Konstantin Shvachko wrote:
Hi Enis,
Could you please verify what was the storage id for the node ..15.233
before and after you restarted it. Storage id is the string that
starts from DS....
followed by digits.
There was an old bug, that if you configure a data-node with multiple
directories, then
it would take the storage id value from the last directory in the list.

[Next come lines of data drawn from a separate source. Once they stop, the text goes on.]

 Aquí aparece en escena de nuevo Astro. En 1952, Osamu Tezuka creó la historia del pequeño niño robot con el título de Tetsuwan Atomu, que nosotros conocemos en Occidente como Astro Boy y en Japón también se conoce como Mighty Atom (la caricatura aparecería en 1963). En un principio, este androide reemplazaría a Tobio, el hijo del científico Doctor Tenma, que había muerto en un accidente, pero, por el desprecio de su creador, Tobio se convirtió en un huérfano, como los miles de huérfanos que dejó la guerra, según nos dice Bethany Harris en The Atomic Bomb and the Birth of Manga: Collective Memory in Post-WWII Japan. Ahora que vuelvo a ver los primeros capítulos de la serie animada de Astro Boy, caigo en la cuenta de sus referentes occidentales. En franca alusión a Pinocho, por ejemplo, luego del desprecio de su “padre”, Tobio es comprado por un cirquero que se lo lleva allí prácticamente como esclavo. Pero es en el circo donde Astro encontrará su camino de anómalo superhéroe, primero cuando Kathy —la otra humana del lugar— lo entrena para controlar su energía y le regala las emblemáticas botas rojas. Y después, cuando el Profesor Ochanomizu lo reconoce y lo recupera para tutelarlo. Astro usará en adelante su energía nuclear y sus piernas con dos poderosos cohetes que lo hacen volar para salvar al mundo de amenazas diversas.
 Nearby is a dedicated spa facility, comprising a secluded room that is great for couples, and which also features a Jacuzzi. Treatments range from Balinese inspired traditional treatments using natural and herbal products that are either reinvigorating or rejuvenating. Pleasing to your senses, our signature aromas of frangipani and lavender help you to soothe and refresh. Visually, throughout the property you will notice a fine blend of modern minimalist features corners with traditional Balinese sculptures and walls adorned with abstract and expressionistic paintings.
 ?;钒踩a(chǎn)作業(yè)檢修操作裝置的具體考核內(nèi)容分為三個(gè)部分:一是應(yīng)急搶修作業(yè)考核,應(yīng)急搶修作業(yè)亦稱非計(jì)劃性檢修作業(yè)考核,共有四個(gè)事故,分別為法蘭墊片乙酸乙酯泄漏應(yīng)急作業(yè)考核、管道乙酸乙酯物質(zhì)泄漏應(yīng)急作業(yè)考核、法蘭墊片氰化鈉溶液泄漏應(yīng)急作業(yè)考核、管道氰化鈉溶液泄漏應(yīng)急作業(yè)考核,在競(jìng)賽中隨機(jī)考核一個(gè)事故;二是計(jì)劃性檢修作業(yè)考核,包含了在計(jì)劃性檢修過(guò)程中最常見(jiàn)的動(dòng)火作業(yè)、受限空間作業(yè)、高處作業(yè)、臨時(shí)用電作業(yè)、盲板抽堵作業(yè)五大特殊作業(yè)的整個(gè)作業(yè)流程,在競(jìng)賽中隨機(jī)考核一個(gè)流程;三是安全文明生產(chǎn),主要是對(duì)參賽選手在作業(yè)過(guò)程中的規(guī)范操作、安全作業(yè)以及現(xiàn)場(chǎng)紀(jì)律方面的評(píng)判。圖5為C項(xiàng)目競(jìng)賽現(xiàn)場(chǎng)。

So if you add a directory to the data-node configuration by appending
the path to the list,
then the storage will be considered empty, a new storage id will be
assigned, and all blocks
will be removed then. I fixed it at some point. New behavior is that
data-node checks that
all dirs have consistent values, and those that are new are
automatically formatted with the
existing storage id.
So if you see that storage id for data-node ..15.233 changed after the
restart, then
it's an old problem.
Thanks,
--Konstantin
Enis Soztutar wrote:
Hi,
After a serious power failure on our cluster running 0.13.0, we have
been able to restore our previous state. But we have realized that a
nontrivial amount of blocks are missing. It seems that namenode has
requested all the blocks which are kept on one specific machine to be
deleted, which resulted in deletion of all the replicas. To clarify,
for some reason all the blocks on the machine as well as all the
other replicas of the blocks are deleted by the namenode. Does anyone
know what might have happened ? Is this a bug that we should
seriously consider fixing, or it may have been already fixed?

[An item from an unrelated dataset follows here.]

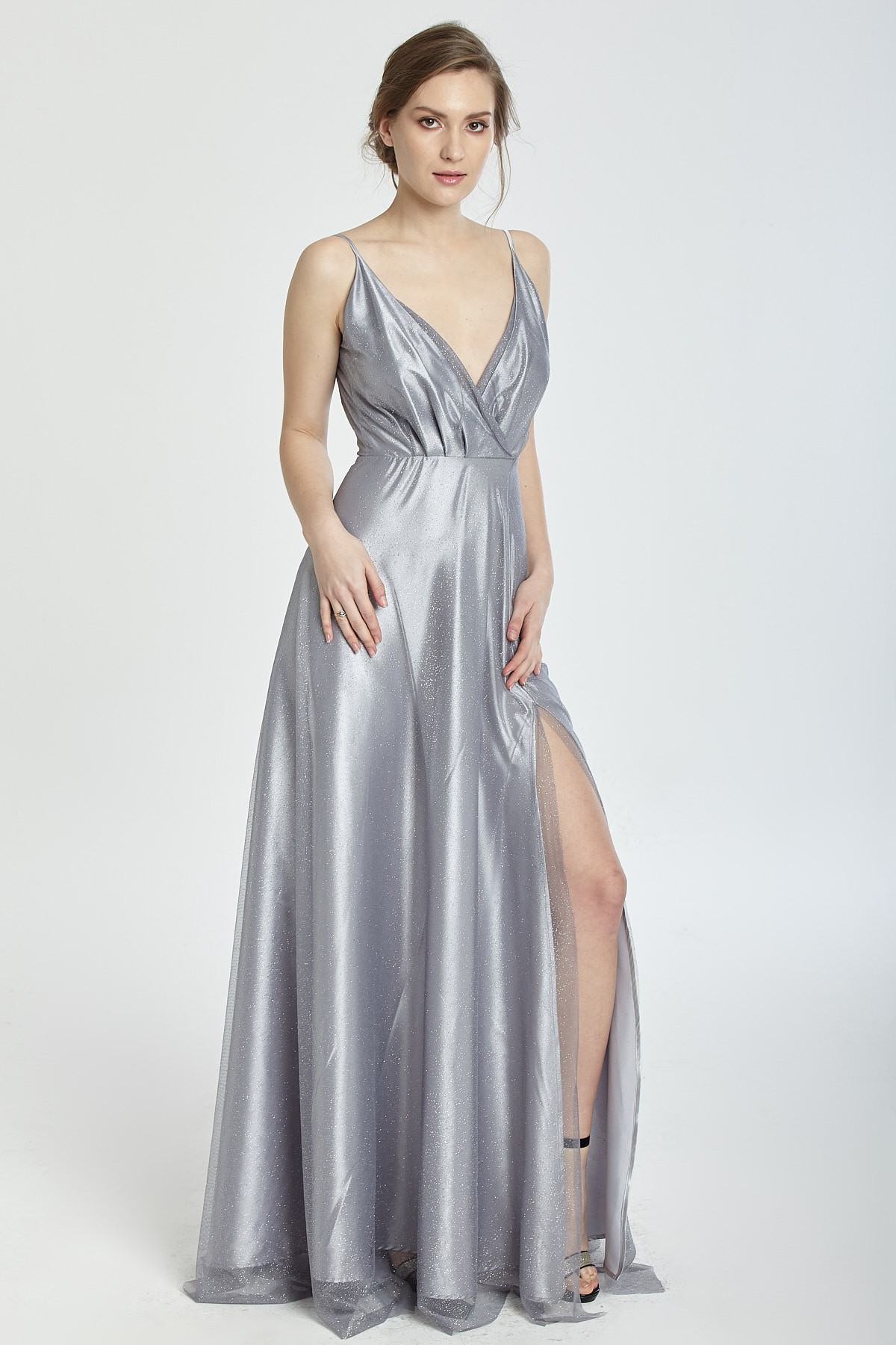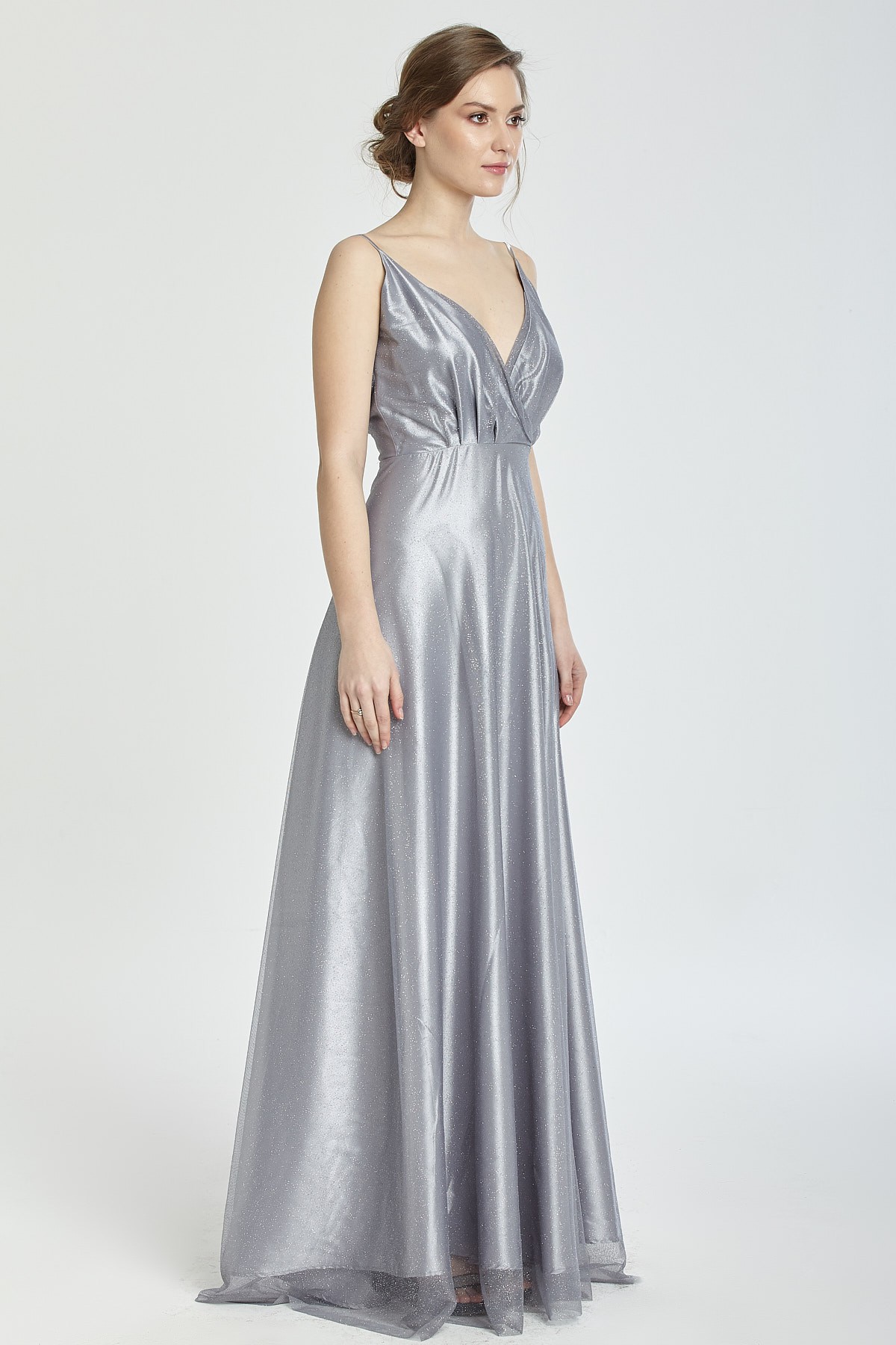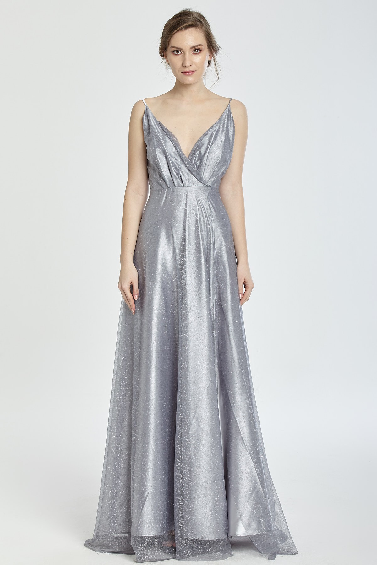 İnce askılı göğüs ve sırt dekolteli A kesim kendinden ışıltılı yırtmaçlı gece elbisesi

datanode which caused data loss was : 192.168.15.233, and it is first
started as a slave, then removed to add a new hard disk and added
back to the cluster
Below are the relevant logs :
Namenode :
2007-11-11 19:15:11,564 INFO org.apache.hadoop.net.NetworkTopology:
Adding a new node: /default-rack/192.168.15.233:50010
2007-11-11 19:15:12,094 INFO org.apache.hadoop.dfs.StateChange:
BLOCK* NameSystem.registerDatanode: node registration fro2007-11-11
19:26:49,654 INFO org.apache.hadoop.dfs.StateChange: STATE*
SafeModeInfo.leave: Safe mode is OFF.
...
2007-11-11 19:26:49,654 INFO org.apache.hadoop.dfs.StateChange:
STATE* Network topology has 1 racks and 36 datanodes
2007-11-11 19:26:49,654 INFO org.apache.hadoop.dfs.StateChange:
STATE* UnderReplicatedBlocks has 56 blocksm 192.168.15.231:50010
storage DS1698199061
...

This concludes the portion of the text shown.